Would you transcribe exactly the lines from the beginning of the records below through the line with "Supertool ชุดประแจแอลหัวบอล 6", both included, omitting the pictures?

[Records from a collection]
• • • • •
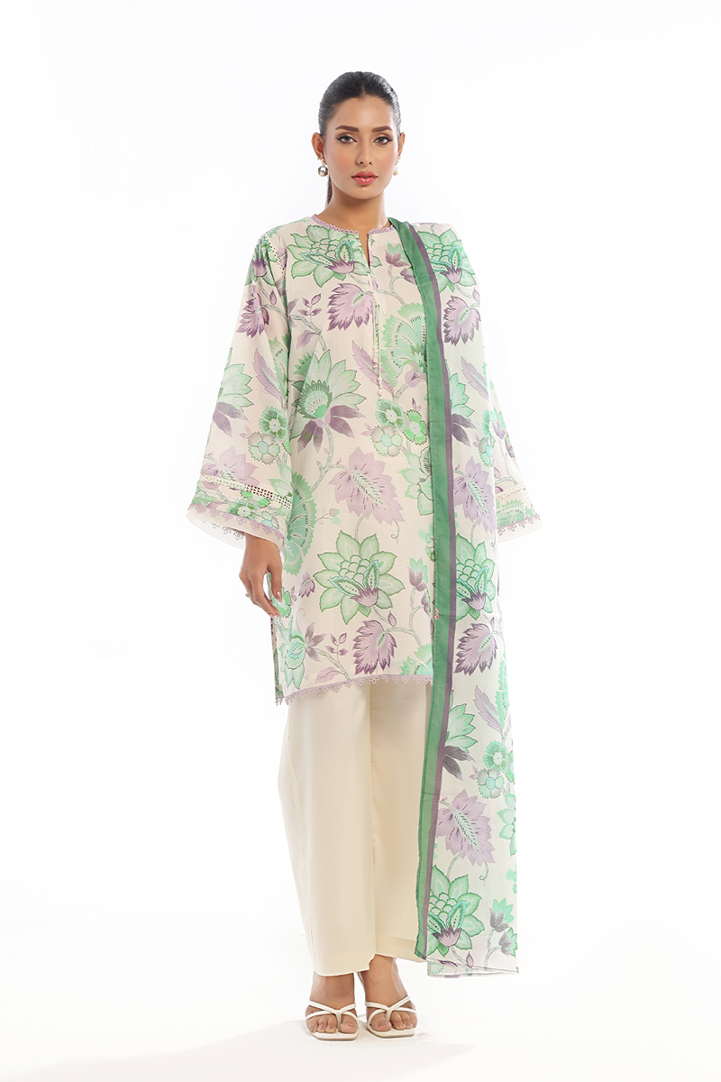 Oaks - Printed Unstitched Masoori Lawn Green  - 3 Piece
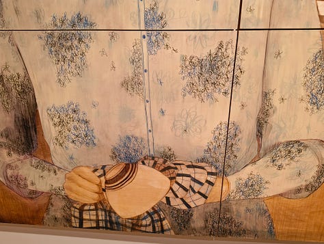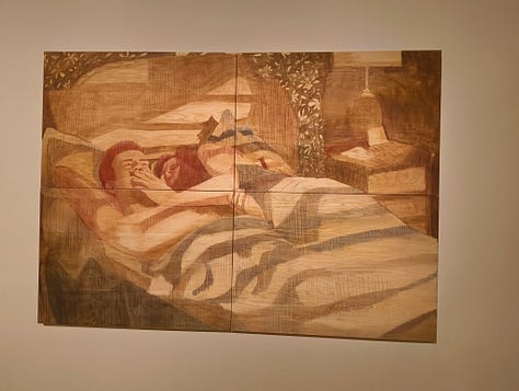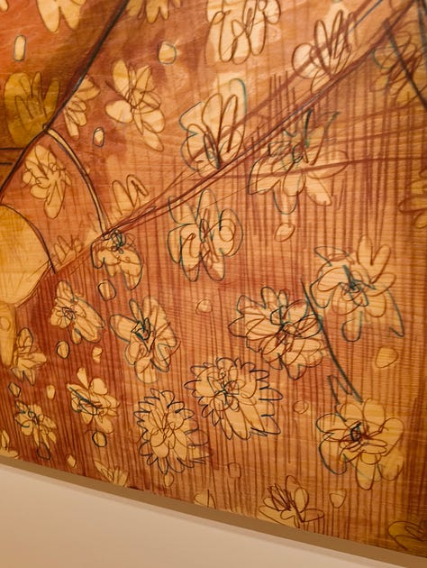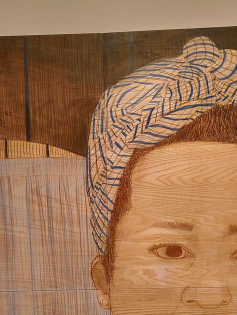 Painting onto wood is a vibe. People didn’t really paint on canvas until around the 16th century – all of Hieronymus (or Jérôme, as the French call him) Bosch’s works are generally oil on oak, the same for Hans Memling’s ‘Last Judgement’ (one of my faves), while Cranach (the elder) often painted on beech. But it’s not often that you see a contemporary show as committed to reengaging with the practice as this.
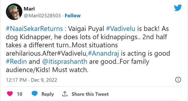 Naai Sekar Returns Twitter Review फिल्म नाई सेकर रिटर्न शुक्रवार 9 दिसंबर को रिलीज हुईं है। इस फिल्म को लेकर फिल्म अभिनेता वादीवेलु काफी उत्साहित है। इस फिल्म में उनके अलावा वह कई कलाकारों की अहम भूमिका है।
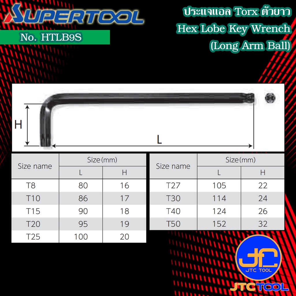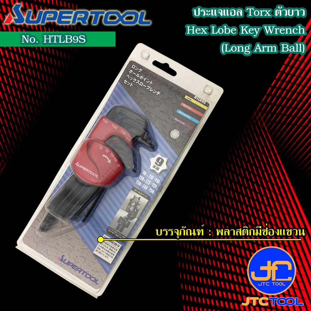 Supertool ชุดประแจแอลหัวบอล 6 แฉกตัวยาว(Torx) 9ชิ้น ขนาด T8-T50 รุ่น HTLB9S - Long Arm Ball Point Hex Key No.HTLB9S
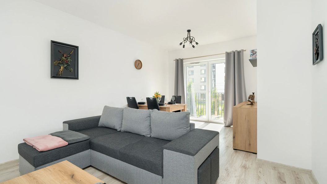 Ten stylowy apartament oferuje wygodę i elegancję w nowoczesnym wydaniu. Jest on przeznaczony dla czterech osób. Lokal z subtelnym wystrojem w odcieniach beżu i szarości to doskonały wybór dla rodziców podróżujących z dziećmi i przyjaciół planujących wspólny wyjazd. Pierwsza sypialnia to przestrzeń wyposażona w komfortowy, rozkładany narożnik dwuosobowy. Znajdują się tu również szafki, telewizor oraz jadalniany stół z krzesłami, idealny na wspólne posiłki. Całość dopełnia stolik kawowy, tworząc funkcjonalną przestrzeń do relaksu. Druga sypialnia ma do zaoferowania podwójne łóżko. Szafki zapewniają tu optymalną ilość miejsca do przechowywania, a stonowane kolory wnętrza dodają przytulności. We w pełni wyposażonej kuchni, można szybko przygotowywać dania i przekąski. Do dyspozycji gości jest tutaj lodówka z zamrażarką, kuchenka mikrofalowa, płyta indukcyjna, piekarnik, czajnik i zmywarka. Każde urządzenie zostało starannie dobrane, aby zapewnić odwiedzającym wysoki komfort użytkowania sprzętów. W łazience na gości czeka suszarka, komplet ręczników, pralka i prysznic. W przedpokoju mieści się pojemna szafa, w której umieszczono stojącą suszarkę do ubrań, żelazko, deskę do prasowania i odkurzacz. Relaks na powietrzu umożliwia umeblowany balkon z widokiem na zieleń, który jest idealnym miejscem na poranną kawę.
• • • • •
#### Written solution:
 Oaks - Printed Unstitched Masoori Lawn Green  - 3 Piece
 Painting onto wood is a vibe. People didn’t really paint on canvas until around the 16th century – all of Hieronymus (or Jérôme, as the French call him) Bosch’s works are generally oil on oak, the same for Hans Memling’s ‘Last Judgement’ (one of my faves), while Cranach (the elder) often painted on beech. But it’s not often that you see a contemporary show as committed to reengaging with the practice as this.
 Naai Sekar Returns Twitter Review फिल्म नाई सेकर रिटर्न शुक्रवार 9 दिसंबर को रिलीज हुईं है। इस फिल्म को लेकर फिल्म अभिनेता वादीवेलु काफी उत्साहित है। इस फिल्म में उनके अलावा वह कई कलाकारों की अहम भूमिका है।
 Supertool ชุดประแจแอลหัวบอล 6 แฉกตัวยาว(Torx) 9ชิ้น ขนาด T8-T50 รุ่น HTLB9S - Long Arm Ball Point Hex Key No.HTLB9S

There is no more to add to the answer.